> [Task to carry out] Every entry needs to be printed exactly, please.
[Record set]
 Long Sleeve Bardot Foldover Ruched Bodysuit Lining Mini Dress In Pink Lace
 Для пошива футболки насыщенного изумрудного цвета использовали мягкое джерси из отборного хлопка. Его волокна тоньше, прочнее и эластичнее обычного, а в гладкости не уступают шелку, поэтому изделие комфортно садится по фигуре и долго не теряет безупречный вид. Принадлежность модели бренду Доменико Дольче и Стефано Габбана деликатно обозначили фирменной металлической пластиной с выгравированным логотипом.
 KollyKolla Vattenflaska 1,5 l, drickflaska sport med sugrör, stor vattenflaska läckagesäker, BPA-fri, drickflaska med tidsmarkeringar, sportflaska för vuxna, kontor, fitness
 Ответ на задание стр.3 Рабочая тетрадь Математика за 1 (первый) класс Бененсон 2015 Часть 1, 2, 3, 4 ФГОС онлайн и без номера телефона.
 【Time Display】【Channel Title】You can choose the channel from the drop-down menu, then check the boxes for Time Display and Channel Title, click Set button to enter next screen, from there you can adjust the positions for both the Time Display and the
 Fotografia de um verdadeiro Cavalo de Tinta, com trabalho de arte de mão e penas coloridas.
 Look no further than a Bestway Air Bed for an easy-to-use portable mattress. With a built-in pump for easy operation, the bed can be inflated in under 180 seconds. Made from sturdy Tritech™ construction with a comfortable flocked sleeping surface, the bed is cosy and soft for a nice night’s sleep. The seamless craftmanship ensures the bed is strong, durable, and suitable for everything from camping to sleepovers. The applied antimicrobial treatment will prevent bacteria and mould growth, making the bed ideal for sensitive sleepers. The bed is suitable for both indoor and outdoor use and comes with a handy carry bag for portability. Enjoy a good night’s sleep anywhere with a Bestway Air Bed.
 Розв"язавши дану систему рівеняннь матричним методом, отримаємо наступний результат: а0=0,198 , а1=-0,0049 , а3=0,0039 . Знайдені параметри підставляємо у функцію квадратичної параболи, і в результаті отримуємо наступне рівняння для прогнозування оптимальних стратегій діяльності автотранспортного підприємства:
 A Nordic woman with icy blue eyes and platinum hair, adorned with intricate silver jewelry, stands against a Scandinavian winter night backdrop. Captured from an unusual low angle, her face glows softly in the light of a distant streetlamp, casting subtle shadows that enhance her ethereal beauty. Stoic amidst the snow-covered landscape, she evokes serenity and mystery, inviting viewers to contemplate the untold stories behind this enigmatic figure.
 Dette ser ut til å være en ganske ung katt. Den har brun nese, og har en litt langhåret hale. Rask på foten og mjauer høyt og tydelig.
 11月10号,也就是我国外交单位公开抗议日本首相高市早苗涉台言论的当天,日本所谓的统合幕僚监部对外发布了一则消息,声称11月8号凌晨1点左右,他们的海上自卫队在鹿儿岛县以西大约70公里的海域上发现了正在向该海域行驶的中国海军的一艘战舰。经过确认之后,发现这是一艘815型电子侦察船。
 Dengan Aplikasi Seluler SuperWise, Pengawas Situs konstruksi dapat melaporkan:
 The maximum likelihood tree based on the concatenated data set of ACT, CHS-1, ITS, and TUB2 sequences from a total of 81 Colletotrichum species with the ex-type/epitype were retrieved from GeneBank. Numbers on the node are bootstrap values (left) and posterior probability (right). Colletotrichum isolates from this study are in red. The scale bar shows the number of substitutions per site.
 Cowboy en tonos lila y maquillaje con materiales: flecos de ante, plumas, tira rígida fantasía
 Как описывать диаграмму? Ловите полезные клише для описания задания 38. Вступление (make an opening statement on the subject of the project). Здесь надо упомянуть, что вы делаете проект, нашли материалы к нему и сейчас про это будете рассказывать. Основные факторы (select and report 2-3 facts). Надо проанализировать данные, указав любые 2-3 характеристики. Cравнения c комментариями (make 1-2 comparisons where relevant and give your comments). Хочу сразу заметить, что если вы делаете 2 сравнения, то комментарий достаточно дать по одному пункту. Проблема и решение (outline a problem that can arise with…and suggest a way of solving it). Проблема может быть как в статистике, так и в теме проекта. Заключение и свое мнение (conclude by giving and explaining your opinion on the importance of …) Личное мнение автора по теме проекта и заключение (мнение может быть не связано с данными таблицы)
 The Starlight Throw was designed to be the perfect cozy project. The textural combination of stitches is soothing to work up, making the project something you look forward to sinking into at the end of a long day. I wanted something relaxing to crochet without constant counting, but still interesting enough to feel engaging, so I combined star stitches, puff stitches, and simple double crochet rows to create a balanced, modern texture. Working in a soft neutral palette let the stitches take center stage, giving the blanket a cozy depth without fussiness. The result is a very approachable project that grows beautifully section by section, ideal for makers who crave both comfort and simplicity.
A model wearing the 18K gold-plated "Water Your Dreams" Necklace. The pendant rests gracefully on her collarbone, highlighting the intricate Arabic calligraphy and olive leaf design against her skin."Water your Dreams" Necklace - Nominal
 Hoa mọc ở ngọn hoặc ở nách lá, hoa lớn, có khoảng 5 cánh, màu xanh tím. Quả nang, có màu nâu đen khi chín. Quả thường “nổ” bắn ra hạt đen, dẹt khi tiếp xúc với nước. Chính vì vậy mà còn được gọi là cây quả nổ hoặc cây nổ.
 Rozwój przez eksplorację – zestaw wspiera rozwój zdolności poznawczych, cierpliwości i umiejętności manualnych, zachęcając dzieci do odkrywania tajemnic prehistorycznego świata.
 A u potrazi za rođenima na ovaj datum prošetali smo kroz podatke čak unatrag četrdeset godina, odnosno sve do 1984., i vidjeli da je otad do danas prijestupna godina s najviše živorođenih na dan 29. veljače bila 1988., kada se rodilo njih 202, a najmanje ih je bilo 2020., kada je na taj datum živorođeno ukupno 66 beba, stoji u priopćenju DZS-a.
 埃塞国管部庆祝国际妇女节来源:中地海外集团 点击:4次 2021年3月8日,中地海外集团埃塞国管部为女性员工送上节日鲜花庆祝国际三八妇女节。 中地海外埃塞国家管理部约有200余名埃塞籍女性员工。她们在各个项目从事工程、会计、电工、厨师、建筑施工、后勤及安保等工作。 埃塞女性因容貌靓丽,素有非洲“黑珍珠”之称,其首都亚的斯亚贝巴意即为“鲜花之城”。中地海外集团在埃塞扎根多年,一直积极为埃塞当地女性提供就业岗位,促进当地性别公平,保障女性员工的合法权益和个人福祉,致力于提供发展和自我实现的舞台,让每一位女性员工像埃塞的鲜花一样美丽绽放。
[/Record set]
> [Finished task]
 Long Sleeve Bardot Foldover Ruched Bodysuit Lining Mini Dress In Pink Lace
 Для пошива футболки насыщенного изумрудного цвета использовали мягкое джерси из отборного хлопка. Его волокна тоньше, прочнее и эластичнее обычного, а в гладкости не уступают шелку, поэтому изделие комфортно садится по фигуре и долго не теряет безупречный вид. Принадлежность модели бренду Доменико Дольче и Стефано Габбана деликатно обозначили фирменной металлической пластиной с выгравированным логотипом.
 KollyKolla Vattenflaska 1,5 l, drickflaska sport med sugrör, stor vattenflaska läckagesäker, BPA-fri, drickflaska med tidsmarkeringar, sportflaska för vuxna, kontor, fitness
 Ответ на задание стр.3 Рабочая тетрадь Математика за 1 (первый) класс Бененсон 2015 Часть 1, 2, 3, 4 ФГОС онлайн и без номера телефона.
 【Time Display】【Channel Title】You can choose the channel from the drop-down menu, then check the boxes for Time Display and Channel Title, click Set button to enter next screen, from there you can adjust the positions for both the Time Display and the
 Fotografia de um verdadeiro Cavalo de Tinta, com trabalho de arte de mão e penas coloridas.
 Look no further than a Bestway Air Bed for an easy-to-use portable mattress. With a built-in pump for easy operation, the bed can be inflated in under 180 seconds. Made from sturdy Tritech™ construction with a comfortable flocked sleeping surface, the bed is cosy and soft for a nice night’s sleep. The seamless craftmanship ensures the bed is strong, durable, and suitable for everything from camping to sleepovers. The applied antimicrobial treatment will prevent bacteria and mould growth, making the bed ideal for sensitive sleepers. The bed is suitable for both indoor and outdoor use and comes with a handy carry bag for portability. Enjoy a good night’s sleep anywhere with a Bestway Air Bed.
 Розв"язавши дану систему рівеняннь матричним методом, отримаємо наступний результат: а0=0,198 , а1=-0,0049 , а3=0,0039 . Знайдені параметри підставляємо у функцію квадратичної параболи, і в результаті отримуємо наступне рівняння для прогнозування оптимальних стратегій діяльності автотранспортного підприємства:
 A Nordic woman with icy blue eyes and platinum hair, adorned with intricate silver jewelry, stands against a Scandinavian winter night backdrop. Captured from an unusual low angle, her face glows softly in the light of a distant streetlamp, casting subtle shadows that enhance her ethereal beauty. Stoic amidst the snow-covered landscape, she evokes serenity and mystery, inviting viewers to contemplate the untold stories behind this enigmatic figure.
 Dette ser ut til å være en ganske ung katt. Den har brun nese, og har en litt langhåret hale. Rask på foten og mjauer høyt og tydelig.
 11月10号,也就是我国外交单位公开抗议日本首相高市早苗涉台言论的当天,日本所谓的统合幕僚监部对外发布了一则消息,声称11月8号凌晨1点左右,他们的海上自卫队在鹿儿岛县以西大约70公里的海域上发现了正在向该海域行驶的中国海军的一艘战舰。经过确认之后,发现这是一艘815型电子侦察船。
 Dengan Aplikasi Seluler SuperWise, Pengawas Situs konstruksi dapat melaporkan:
 The maximum likelihood tree based on the concatenated data set of ACT, CHS-1, ITS, and TUB2 sequences from a total of 81 Colletotrichum species with the ex-type/epitype were retrieved from GeneBank. Numbers on the node are bootstrap values (left) and posterior probability (right). Colletotrichum isolates from this study are in red. The scale bar shows the number of substitutions per site.
 Cowboy en tonos lila y maquillaje con materiales: flecos de ante, plumas, tira rígida fantasía
 Как описывать диаграмму? Ловите полезные клише для описания задания 38. Вступление (make an opening statement on the subject of the project). Здесь надо упомянуть, что вы делаете проект, нашли материалы к нему и сейчас про это будете рассказывать. Основные факторы (select and report 2-3 facts). Надо проанализировать данные, указав любые 2-3 характеристики. Cравнения c комментариями (make 1-2 comparisons where relevant and give your comments). Хочу сразу заметить, что если вы делаете 2 сравнения, то комментарий достаточно дать по одному пункту. Проблема и решение (outline a problem that can arise with…and suggest a way of solving it). Проблема может быть как в статистике, так и в теме проекта. Заключение и свое мнение (conclude by giving and explaining your opinion on the importance of …) Личное мнение автора по теме проекта и заключение (мнение может быть не связано с данными таблицы)
 The Starlight Throw was designed to be the perfect cozy project. The textural combination of stitches is soothing to work up, making the project something you look forward to sinking into at the end of a long day. I wanted something relaxing to crochet without constant counting, but still interesting enough to feel engaging, so I combined star stitches, puff stitches, and simple double crochet rows to create a balanced, modern texture. Working in a soft neutral palette let the stitches take center stage, giving the blanket a cozy depth without fussiness. The result is a very approachable project that grows beautifully section by section, ideal for makers who crave both comfort and simplicity.
A model wearing the 18K gold-plated "Water Your Dreams" Necklace. The pendant rests gracefully on her collarbone, highlighting the intricate Arabic calligraphy and olive leaf design against her skin."Water your Dreams" Necklace - Nominal
 Hoa mọc ở ngọn hoặc ở nách lá, hoa lớn, có khoảng 5 cánh, màu xanh tím. Quả nang, có màu nâu đen khi chín. Quả thường “nổ” bắn ra hạt đen, dẹt khi tiếp xúc với nước. Chính vì vậy mà còn được gọi là cây quả nổ hoặc cây nổ.
 Rozwój przez eksplorację – zestaw wspiera rozwój zdolności poznawczych, cierpliwości i umiejętności manualnych, zachęcając dzieci do odkrywania tajemnic prehistorycznego świata.
 A u potrazi za rođenima na ovaj datum prošetali smo kroz podatke čak unatrag četrdeset godina, odnosno sve do 1984., i vidjeli da je otad do danas prijestupna godina s najviše živorođenih na dan 29. veljače bila 1988., kada se rodilo njih 202, a najmanje ih je bilo 2020., kada je na taj datum živorođeno ukupno 66 beba, stoji u priopćenju DZS-a.
 埃塞国管部庆祝国际妇女节来源:中地海外集团 点击:4次 2021年3月8日,中地海外集团埃塞国管部为女性员工送上节日鲜花庆祝国际三八妇女节。 中地海外埃塞国家管理部约有200余名埃塞籍女性员工。她们在各个项目从事工程、会计、电工、厨师、建筑施工、后勤及安保等工作。 埃塞女性因容貌靓丽,素有非洲“黑珍珠”之称,其首都亚的斯亚贝巴意即为“鲜花之城”。中地海外集团在埃塞扎根多年,一直积极为埃塞当地女性提供就业岗位,促进当地性别公平,保障女性员工的合法权益和个人福祉,致力于提供发展和自我实现的舞台,让每一位女性员工像埃塞的鲜花一样美丽绽放。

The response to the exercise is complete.